Inngest Idempotency Patterns for the Support-Ticket-to-PR Pipeline

In Watari's pipeline, idempotency is not a defensive nice-to-have — it is the structural property that makes the whole system safe to retry. A single Inngest event replay touching the five-stage flow from a Zendesk or Intercom ticket to a GitHub draft PR can re-fire the extraction model, double-charge the billing meter, open a duplicate pull request, and publish two copies of the same RCA unless every step.run body is hardened against non-determinism and every side effect is guarded by a conditional write.

Why Inngest Replays Are Dangerous in an AI Billing Pipeline

Inngest retries a failed step by re-executing its body from scratch. In a typical CRUD service that risk is low — a UPDATE ... WHERE id = $1 is naturally idempotent. In Watari's pipeline, three properties make retries structurally dangerous:

Non-deterministic steps. Calling an extraction model or a reranking step twice on the same ticket does not guarantee the same output. A second extraction might produce a slightly different confidence score — enough to cross the 0.7 threshold when the first attempt did not, or vice versa.
A billing meter with real money attached. The Mapped Bug meter fires when bugs.ai_confidence ≥ 0.7 AND any bugs.code_locations[].confidence ≥ 0.7. An unguarded retry that re-qualifies the same bug increments the usage meter twice and sends the customer a bill for work Watari already did.
External API calls. The GitHub API, Zendesk webhook write-back, and Slack routing calls are not idempotent by nature. Calling them twice creates two PRs, two Slack messages, two RCA comments.

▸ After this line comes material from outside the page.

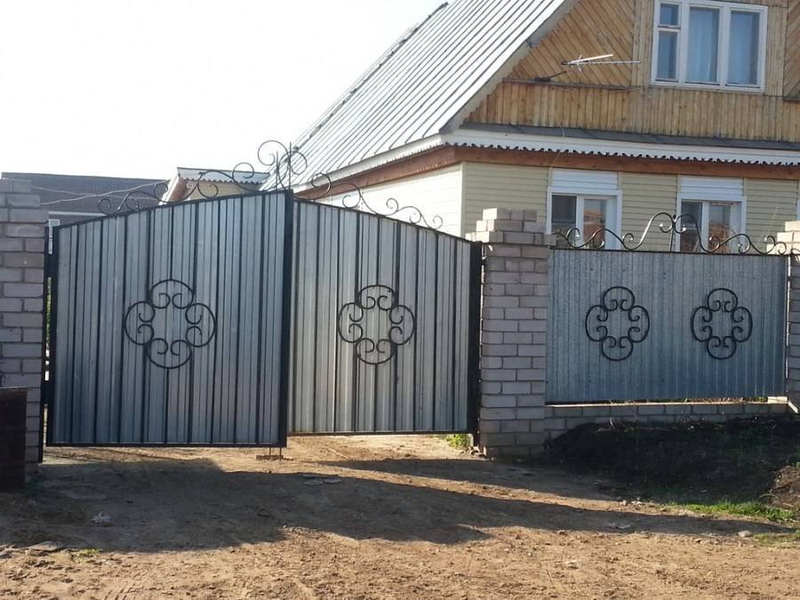 Откатные ворота смотрятся стильно и практично, но изготовить их самостоятельно намного сложнее. Поэтому мы рассмотрим, что нужно учесть на этапах планирования, сооружения и монтажа распашных ворот из профнастила – самых простых в установке.

The engineering contract Watari follows is explicit: step.run bodies must never call Date.now(), Math.random(), or crypto.randomUUID() inside the step body. Any value that must be unique or time-stamped is either derived from stable inputs (ticket ID, bug ID, repository commit SHA) or read from the database where it was written by a prior — completed — step.

The Five Idempotency Gates, in Pipeline Order

The Watari pipeline has five stages: inbound webhook → ticket-to-bug extraction → bug-to-code mapping → code-to-PR generation → bug-to-RCA publish. Each stage has a distinct idempotency primitive. Getting one wrong lets a replay propagate unchecked into every stage downstream.

Gate 1 — Webhook Deduplication Before Inngest Sees Anything

Webhook deduplication happens before any Inngest event is emitted. When a provider event arrives — a Zendesk ticket created, an Intercom conversation updated — the handler first attempts an INSERT into a webhook_events table keyed on (provider, event_id):

INSERT INTO public.webhook_events (provider, event_id, received_at)
VALUES ($1, $2, now())
ON CONFLICT (provider, event_id) DO NOTHING;

The handler checks the affected row count. If zero rows were inserted, this is a replay or a provider retry of an already-processed delivery. The handler returns 200 OK immediately — convincing the provider the event was received — without sending anything to Inngest. No Inngest event means no downstream work to deduplicate.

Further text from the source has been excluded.